Reproduce exactly, with no pictures, each line from the opening of the material down through the line containing "This is the".

Given information section start

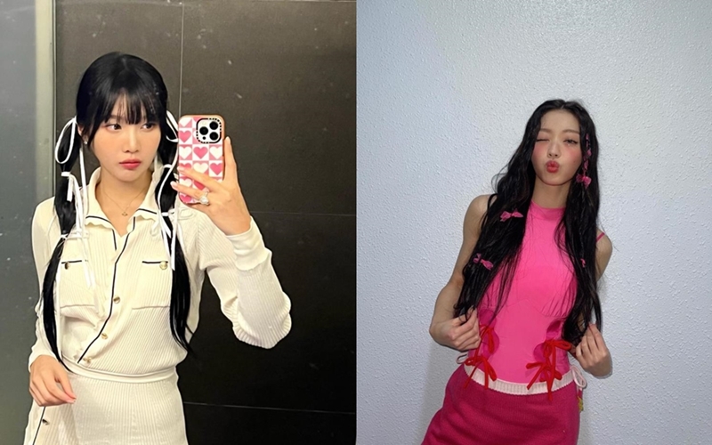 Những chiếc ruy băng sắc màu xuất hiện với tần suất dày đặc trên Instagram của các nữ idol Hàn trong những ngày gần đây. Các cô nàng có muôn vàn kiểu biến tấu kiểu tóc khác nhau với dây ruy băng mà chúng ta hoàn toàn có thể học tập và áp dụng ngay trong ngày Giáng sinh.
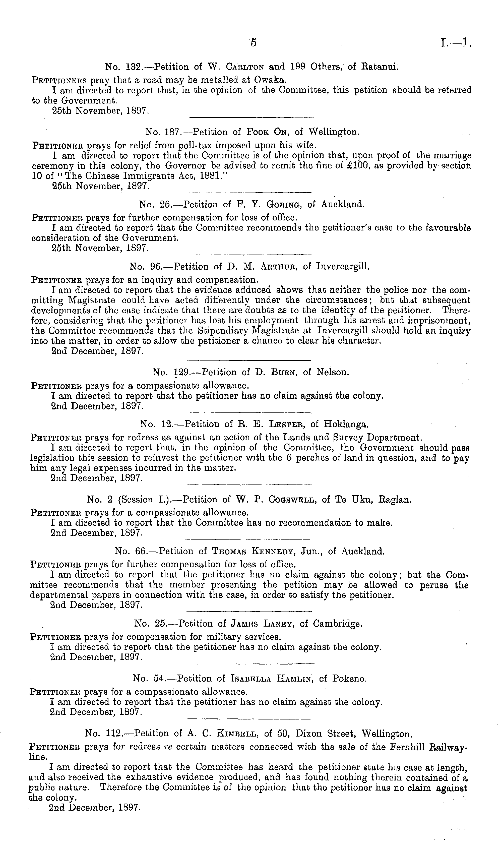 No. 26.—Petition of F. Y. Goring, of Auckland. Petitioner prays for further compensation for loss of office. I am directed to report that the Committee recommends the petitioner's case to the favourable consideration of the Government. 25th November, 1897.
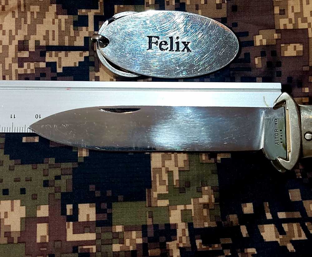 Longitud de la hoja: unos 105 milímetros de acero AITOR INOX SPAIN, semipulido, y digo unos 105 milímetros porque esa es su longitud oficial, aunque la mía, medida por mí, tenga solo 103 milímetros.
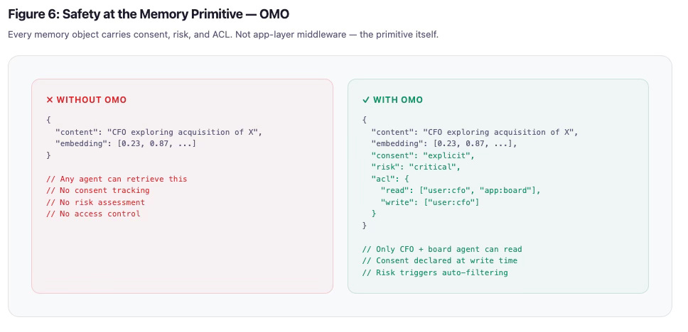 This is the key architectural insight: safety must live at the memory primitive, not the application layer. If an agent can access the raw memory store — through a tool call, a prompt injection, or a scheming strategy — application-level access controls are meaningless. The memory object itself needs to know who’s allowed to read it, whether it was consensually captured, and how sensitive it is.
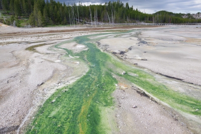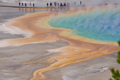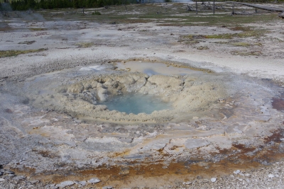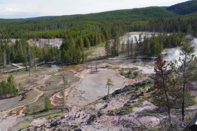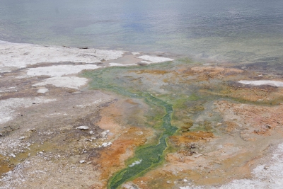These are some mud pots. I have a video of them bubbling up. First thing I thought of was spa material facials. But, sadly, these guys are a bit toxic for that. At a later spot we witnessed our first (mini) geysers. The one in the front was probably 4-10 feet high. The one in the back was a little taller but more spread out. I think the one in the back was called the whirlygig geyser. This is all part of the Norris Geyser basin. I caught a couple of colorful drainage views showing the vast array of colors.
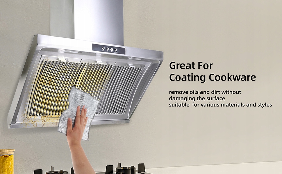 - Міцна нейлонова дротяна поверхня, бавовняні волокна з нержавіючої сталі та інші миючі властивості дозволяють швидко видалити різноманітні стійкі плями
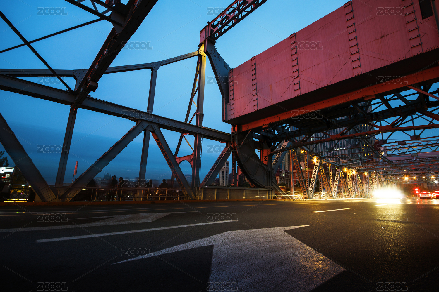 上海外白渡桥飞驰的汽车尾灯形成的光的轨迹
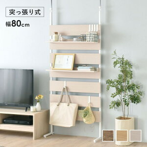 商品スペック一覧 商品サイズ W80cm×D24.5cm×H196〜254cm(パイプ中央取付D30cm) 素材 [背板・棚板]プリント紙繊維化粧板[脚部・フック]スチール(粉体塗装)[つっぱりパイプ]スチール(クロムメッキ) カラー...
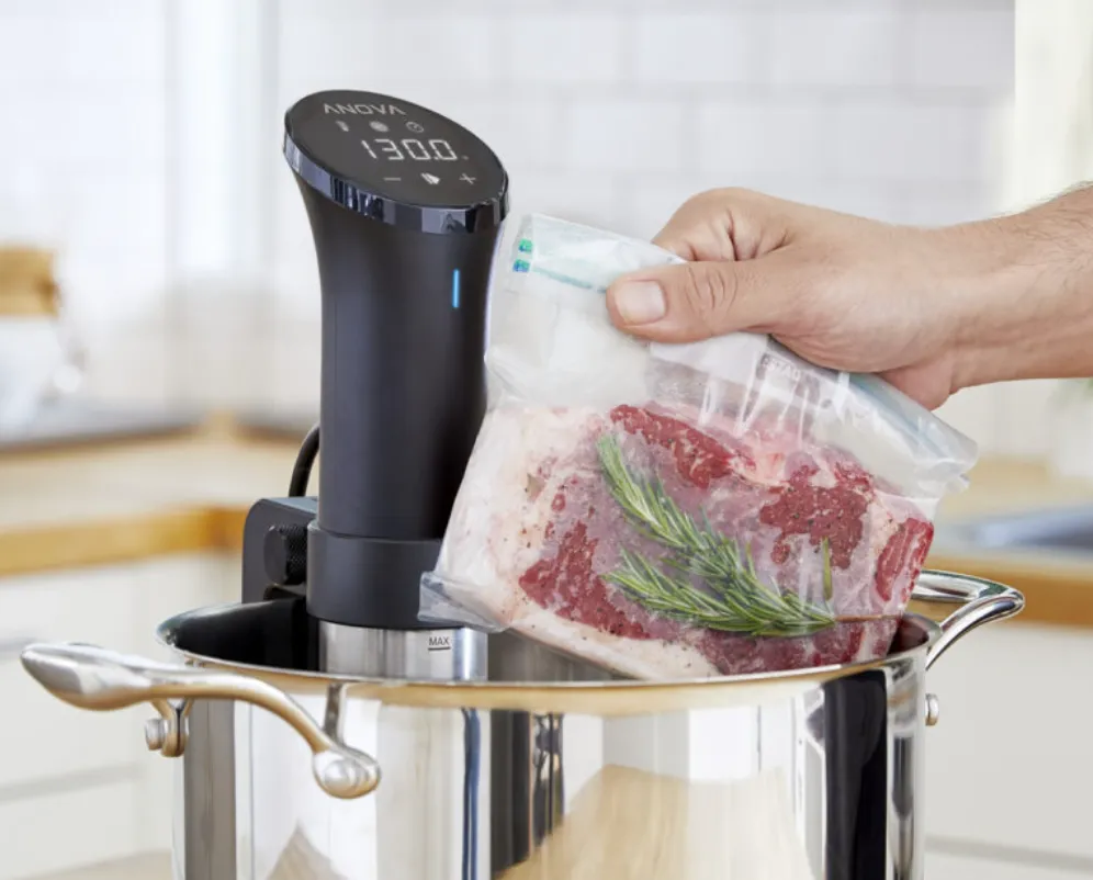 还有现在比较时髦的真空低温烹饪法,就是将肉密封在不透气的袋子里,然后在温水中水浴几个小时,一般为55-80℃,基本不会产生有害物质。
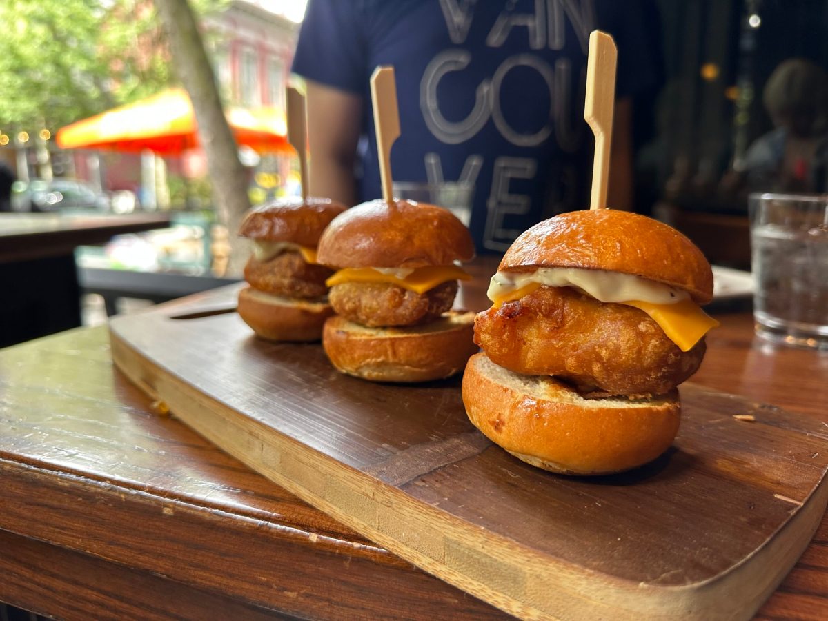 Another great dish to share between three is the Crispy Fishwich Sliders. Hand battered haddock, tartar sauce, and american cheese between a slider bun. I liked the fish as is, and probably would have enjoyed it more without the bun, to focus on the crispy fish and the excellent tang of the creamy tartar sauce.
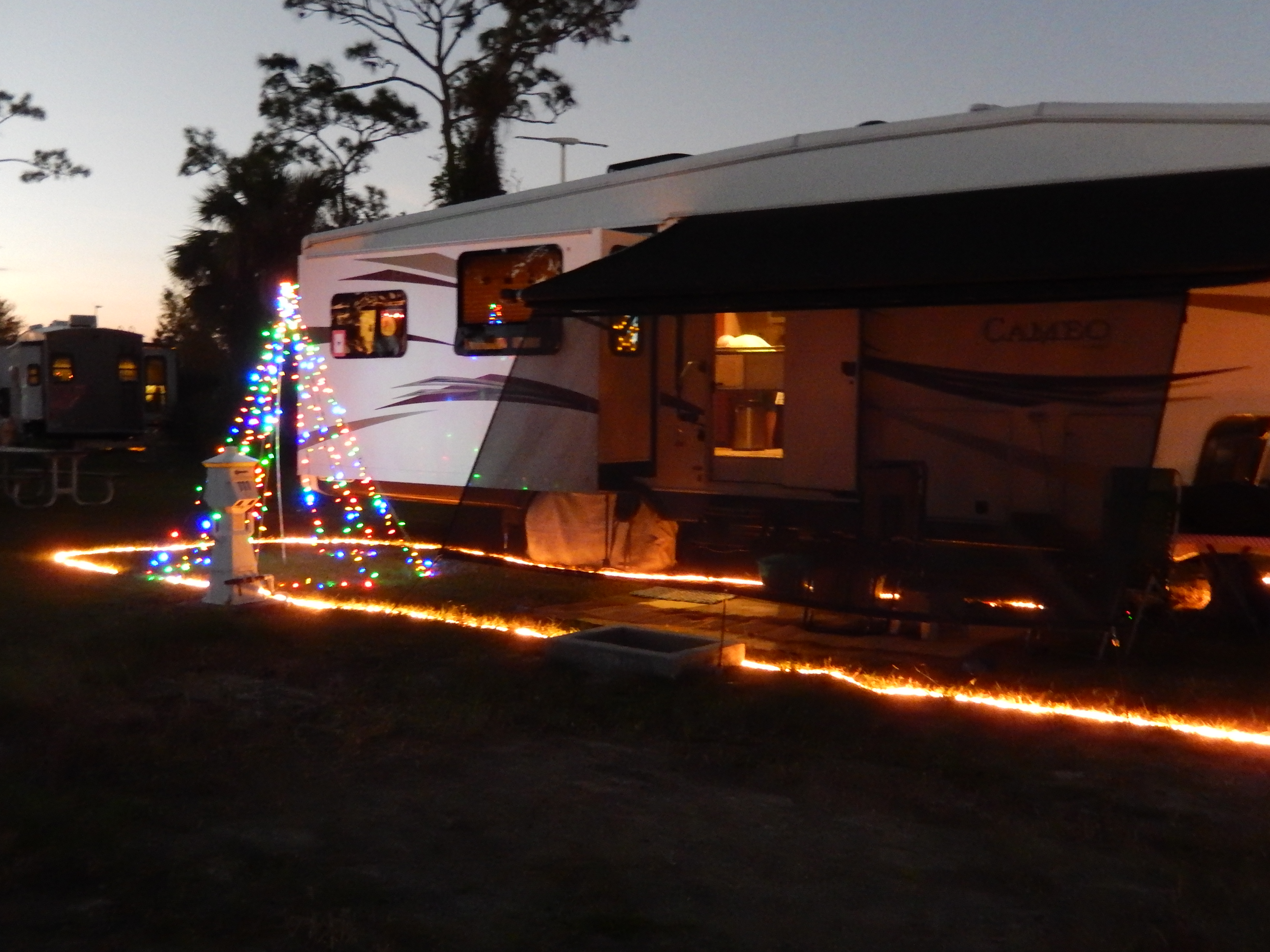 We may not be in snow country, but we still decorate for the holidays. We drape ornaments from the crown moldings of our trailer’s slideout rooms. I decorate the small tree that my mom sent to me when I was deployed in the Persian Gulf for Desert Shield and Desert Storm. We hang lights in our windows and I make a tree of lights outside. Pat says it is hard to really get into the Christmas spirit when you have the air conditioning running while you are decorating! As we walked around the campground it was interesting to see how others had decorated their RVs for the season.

Given information section end

→ **Answer space**
 Những chiếc ruy băng sắc màu xuất hiện với tần suất dày đặc trên Instagram của các nữ idol Hàn trong những ngày gần đây. Các cô nàng có muôn vàn kiểu biến tấu kiểu tóc khác nhau với dây ruy băng mà chúng ta hoàn toàn có thể học tập và áp dụng ngay trong ngày Giáng sinh.
 No. 26.—Petition of F. Y. Goring, of Auckland. Petitioner prays for further compensation for loss of office. I am directed to report that the Committee recommends the petitioner's case to the favourable consideration of the Government. 25th November, 1897.
 Longitud de la hoja: unos 105 milímetros de acero AITOR INOX SPAIN, semipulido, y digo unos 105 milímetros porque esa es su longitud oficial, aunque la mía, medida por mí, tenga solo 103 milímetros.
 This is the key architectural insight: safety must live at the memory primitive, not the application layer. If an agent can access the raw memory store — through a tool call, a prompt injection, or a scheming strategy — application-level access controls are meaningless. The memory object itself needs to know who’s allowed to read it, whether it was consensually captured, and how sensitive it is.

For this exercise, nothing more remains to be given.